Oleksiy Miacheslavovych Danilov (; born 7 September 1962) is a Ukrainian politician who has been the secretary of the National Security and Defense Council of Ukraine since 3 October 2019.

Early life and early career 
Danilov graduated in 1981 from the Starobilsk State Farm Technical School with a degree in veterinary medicine. In 1981 he began working as a veterinary in a farm in Voroshilovgrad (currently Luhansk). From 1983 to 1987, he worked as a veterinarian in Voroshilovgrad's park "1 May". From 1987 to 1991 he worked as a private veterinarian. From 1991 to 1994 he was engaged in private entrepreneurship.

Political career
Danilov was Mayor of Luhansk from 1994 to 1997. Aged 31 years, he was the youngest ever mayor of Luhansk.

In the 1998 Ukrainian parliamentary election Danilov unsuccessfully ran for a parliamentary seat in electoral district 103 as an independent candidate.

In 1999, Danilov graduated from the University of Luhansk as a licensed history teacher. In 2000, he received a master's degree in management from the East Ukrainian Volodymyr Dahl National University. In 2000, he also received a law degree from the Luhansk State University of Internal Affairs.

In the early 2000s, Danilov was a member of the Yabluko party (which was renamed Party of Free Democrats during his membership). In the 2002 Ukrainian parliamentary election he ran unsuccessfully for parliament on the party list.

In 2000, Danilov was an adviser to the parliamentary Committee on Industrial Policy and Entrepreneurship. From October 2001 to February 2005, he founded the Luhansk Initiative and was its chairman. At the same time, he was as deputy director of the Institute for European Integration and Development (IEID).

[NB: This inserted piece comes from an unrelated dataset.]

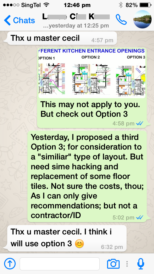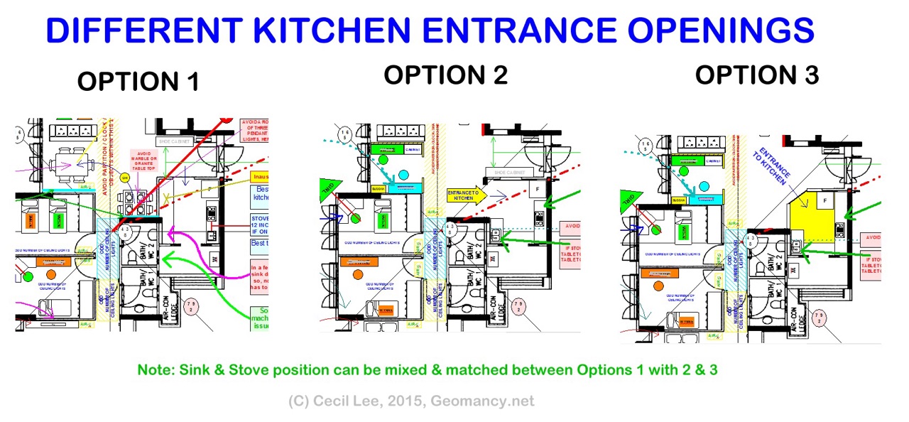 Posted February 23, 201510 yr Staff For the attached, type of layout, there are three possible kitchen entrances.One client after seeing all three options decided to opt for Option 3.

Danilov served as the Governor of Luhansk Oblast in 2005.

Danilov was elected to the Verkhovna Rada in 2006 for the Yulia Tymoshenko Bloc. In the 2007 Ukrainian parliamentary election Danilov ran for re-election to parliament for the Party of Free Democrats, but was again unsuccessful. After leaving parliament he returned to his previous position of deputy director of the IEID.

Danilov rose to national prominence on the strength of appearances "on Ukraine's highly-rated national prime time talk show, where he takes on the country's oligarchs, illegal privatizations, the machinations Russia's fifth column in Ukraine, and "treasonous" votes in past parliaments."

Danilov was Deputy Secretary of the National Security and Defense Council from 23 July to 3 October 2019. Since 3 October 2019 he is the Secretary (deputy Chairman, President Volodymyr Zelensky is the formal chairman) of this board.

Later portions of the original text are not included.